Code Monkey home page Code Monkey logo

bandcamp-analytics's Introduction

Data Engineering Zoomcamp Capstone Project

This project leverages Component's dataset containing Bandcamp transactions from September 9, 2020 to October 2, 2020, to gain insights into sales and evaluate the effectiveness of Bandcamp's business model. The insights obtained from this project are similar to those presented in Component's report, The Chaos Bazaar. While the Component's report might provides better insights than this project, the project owner undertakes it to hone their data engineering skills, including pipeline orchestration, DBT ELT, terraform, and other related techniques.

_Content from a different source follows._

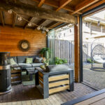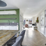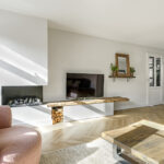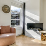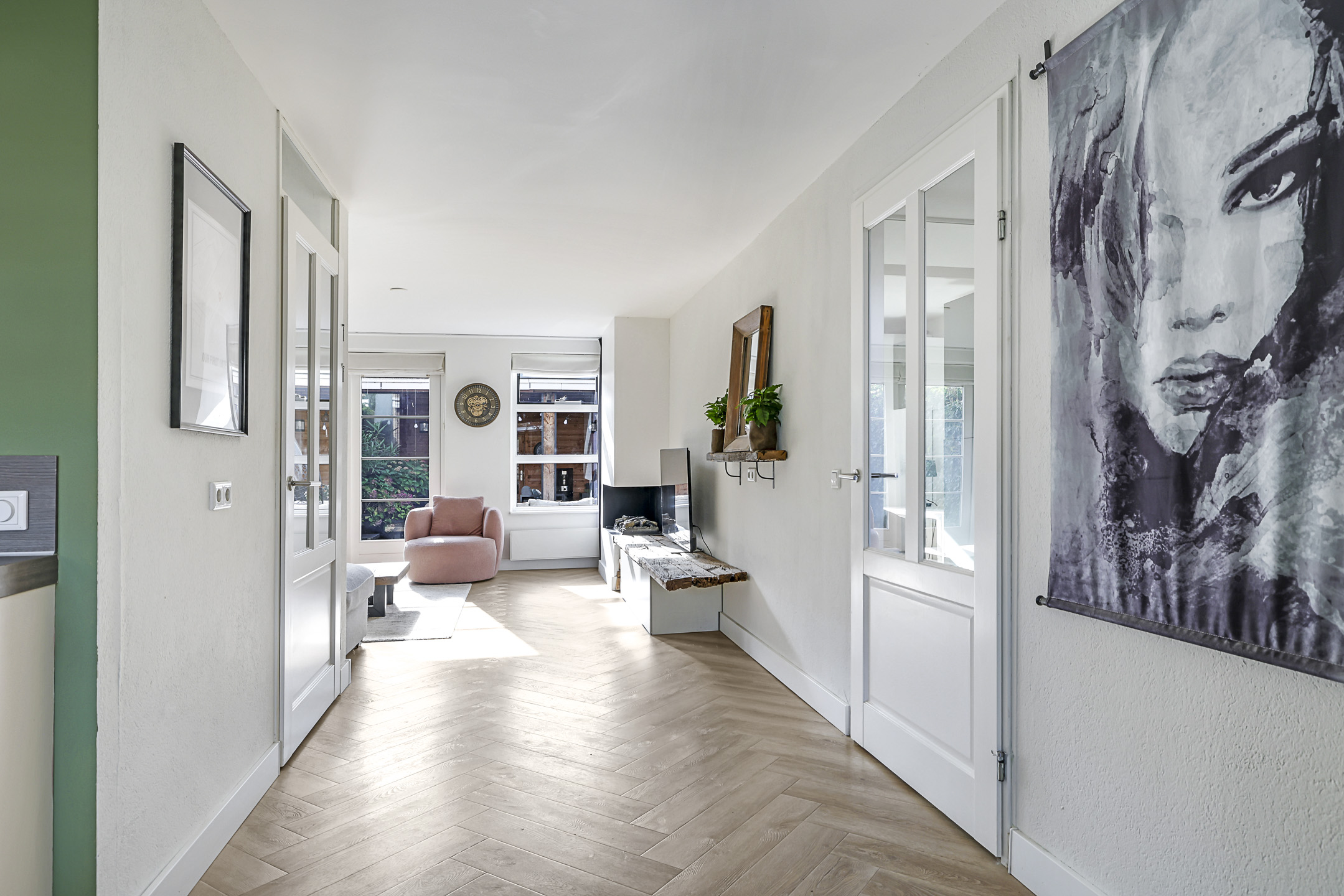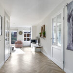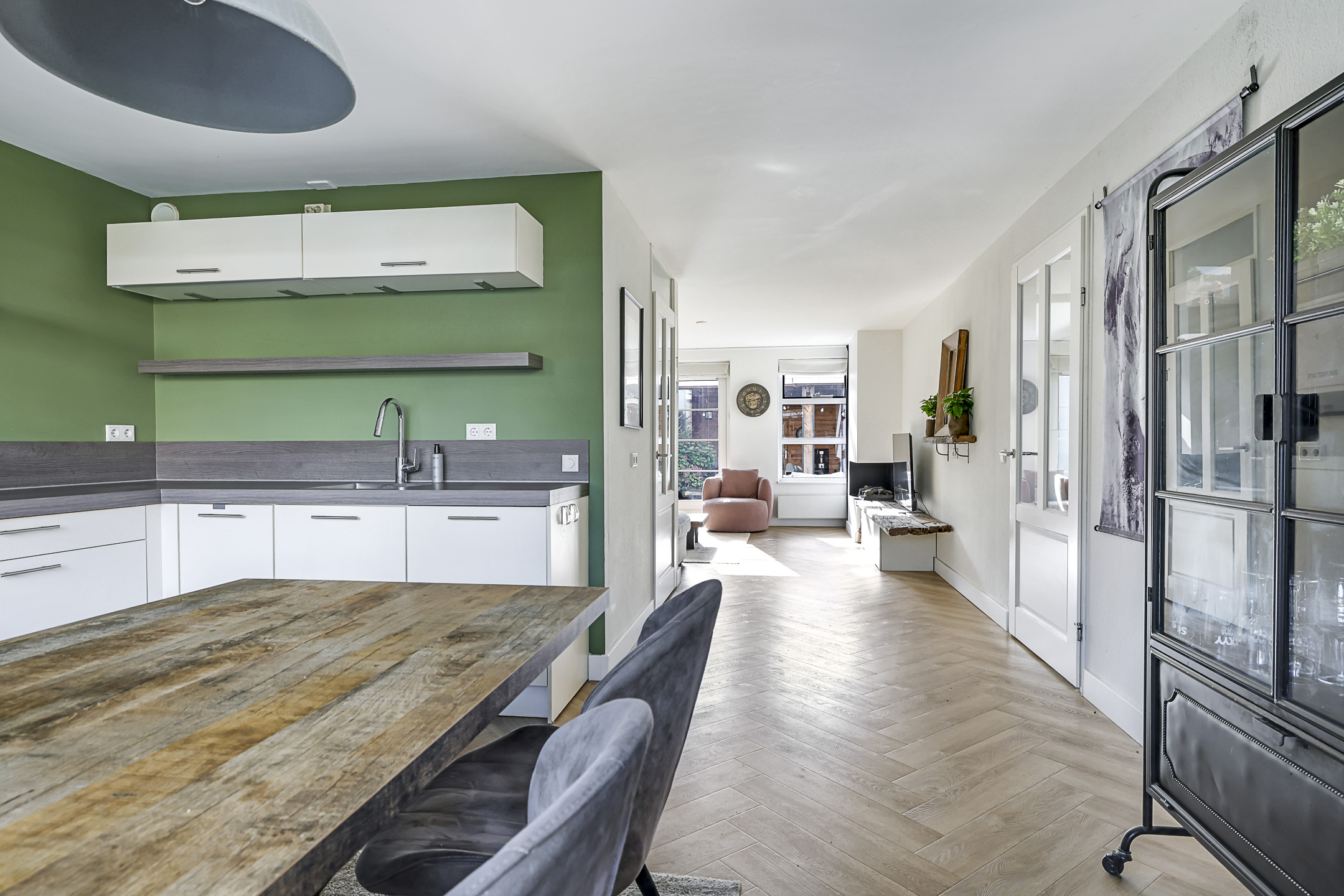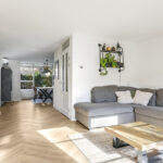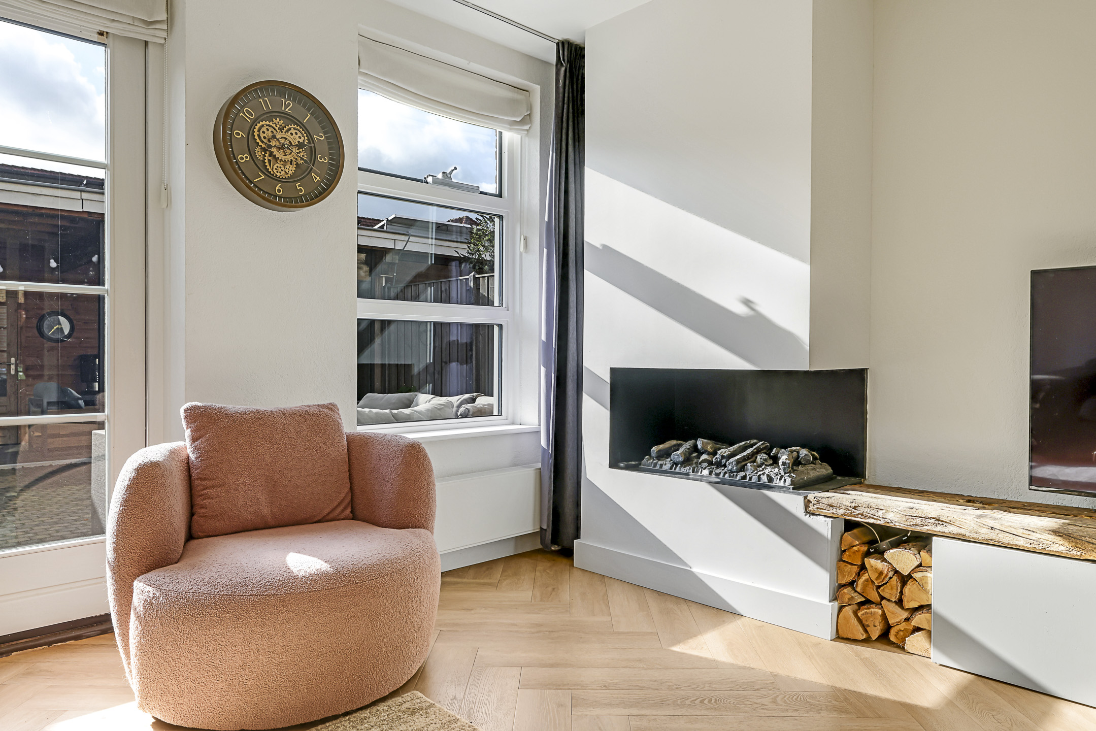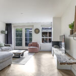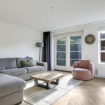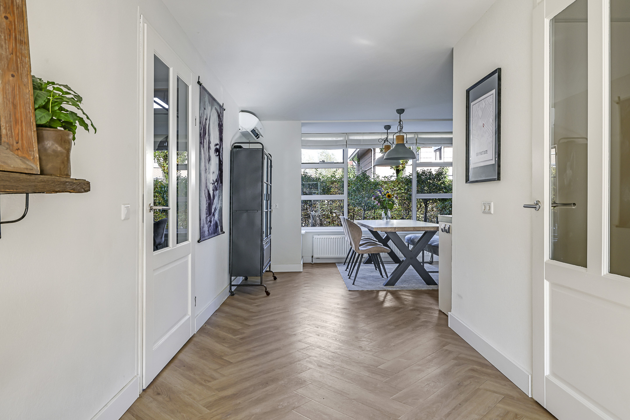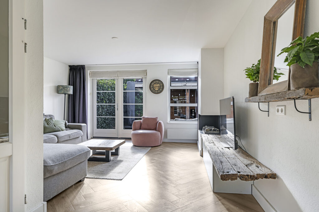 Wanneer je via de ruime hal de woonkamer binnenkomt voelt de ruimte gelijk aangenaam aan. In de achtergevel zijn grote raampartijen aanwezig met dubbele tuindeuren waardoor je hier in de zomerdag alles bij elkaar kan betrekken. De visgraat pvc-vloer met vloerverwarming staat bij menigeen op het wensenlijstje. De ruimte is goed bemeten waardoor je hier een grote hoekbank kan plaatsen. In de hoek van de kamer is een sierhaard (waterdamp) geplaatst wat zorgt voor veel sfeer. Door de aanwezige airco behoud je hier het hele jaar door een fijne temperatuur.

Now that are explained, I would also like to express my appreciation to DataTalks.Club for providing me with the opportunity to learn data engineering in a structured and effective way, as well as for offering various chances to practice and improve my skills. Thanks to their resources and support, I have been able to learn and test my abilities in docker, pipeline orchestration, apache spark for batch processing, DBT for ELT, kafka for stream processing, and related techniques.

Technology Stacks

Dashboard

Technical Summary

Bird's eye view of the project

All Flow

DBT Flow

DBT Flow

Schema of final Fact Table used for visualization

  • _id: Unique identifier combining the sale's URL and UTC timestamp
  • transaction_date: Transaction datetime
  • url: The path to the item on Bandcamp
  • artist_name: Name of the artist
  • album_title: Title of the album, if applicable
  • item_type: Denotes the type of object transacted whether if its an physical album, digital album, or digital track
  • slug_type: Denotes the type of object transacted whether if its n album, track, or merch
  • country: Country of the buyer
  • item_price: Item price set by the seller in seller's currency
  • amount_paid: Amount of money paid in seller's currency
  • currency: Currency used by the seller
  • item_price_usd: Item price converted to dollar
  • amount_paid_usd: Amount paid converted to dollar
  • amount_overpaid_usd: Amount voluntarily paid by the buyer in dollar
  • paid_to_price_ratio: Ratio of amount paid to item price

Running

To ensure that the project runs smoothly, you should have the following prerequisites in place:

  • A GCP Account
  • A GCP Service Account file with owner rights.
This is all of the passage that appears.